52. All disputes, controversies or claims arising out of or in connection with these General Terms and Conditions or the Agreement or any further agreements relating thereto or resulting there from shall exclusively be submitted in the first instance to the Court of Amsterdam, Netherlands.
53. In the event that any provision(s) of these General Terms and Conditions shall be held invalid or unenforceable by a court of competent jurisdiction or by any future legislative or administrative action, such holding or action shall not negate the validity or enforceability of any other provisions thereof.

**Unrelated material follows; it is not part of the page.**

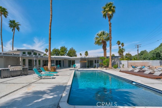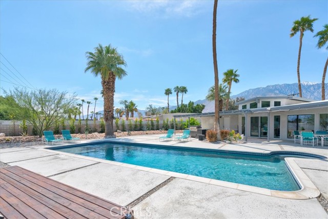 Beautiful Hugh Kaptur–Designed Home with Expansive Mountain Views Welcome to your Palm Springs retreat—an architecturally significant Hugh Kaptur home offering stunning design, modern comfort, and true vacation-style living. This beautifully updated property features 3 large bedrooms, including 2 ensuite suites, 3 full bathrooms, and 2,075 sq ft of bright, inviting living space. Sitting on just under 15,000 sq ft, the backyard is a private resort. Enjoy an enlarged heated pool, dramatic mountain views, a secluded in-ground spa, deck seating, and a built-in barbecue with a dedicated gas line—perfect for entertaining or relaxing in total tranquility. The living room is wrapped in glass, filling the home with natural light and showcasing the surrounding views. The primary suite includes a walk-in closet the size of a small bedroom, adding exceptional comfort and storage. Outside, a circular driveway and an attached 2-car garage provide convenience and curb appeal from the moment you arrive. The home is offered turn-key and fully furnished, making it ideal as a primary residence, vacation home, or exceptional Palm Springs rental opportunity. A rare architectural gem with modern amenities and a true indoor-outdoor lifestyle—this is Palm Springs living at its best.

54. In the event that any provision of these General Terms and Conditions shall finally be determined to be unlawful or unenforceable, such provision shall be deemed severed from these General Terms and Conditions, but every other provision shall remain in full force and effect, and in substitution for any such provision held unlawful or unenforceable, there shall be substituted a provision of similar import reflecting the original intent of the provision to the extent permissible under applicable law.
55. The failure on the part of either Party to exercise, or any delay in exercising, any right or remedy arising from the Agreement shall not operate as a waiver thereof; nor shall any single or partial exercise of any right or remedy arising there from preclude any other or future exercise thereof or the exercise of any other right or remedy arising from the Agreement or from any related document or by law.
CHANGE OF GENERAL TERMS AND CONDITIONS
56. FLEXTRASH.COM reserves the right to change these General Terms and Conditions.
57. These General Terms and Conditions are drawn up in the English language on the express condition that all words, terms and expressions used herein shall be construed and interpreted in accordance with Dutch law.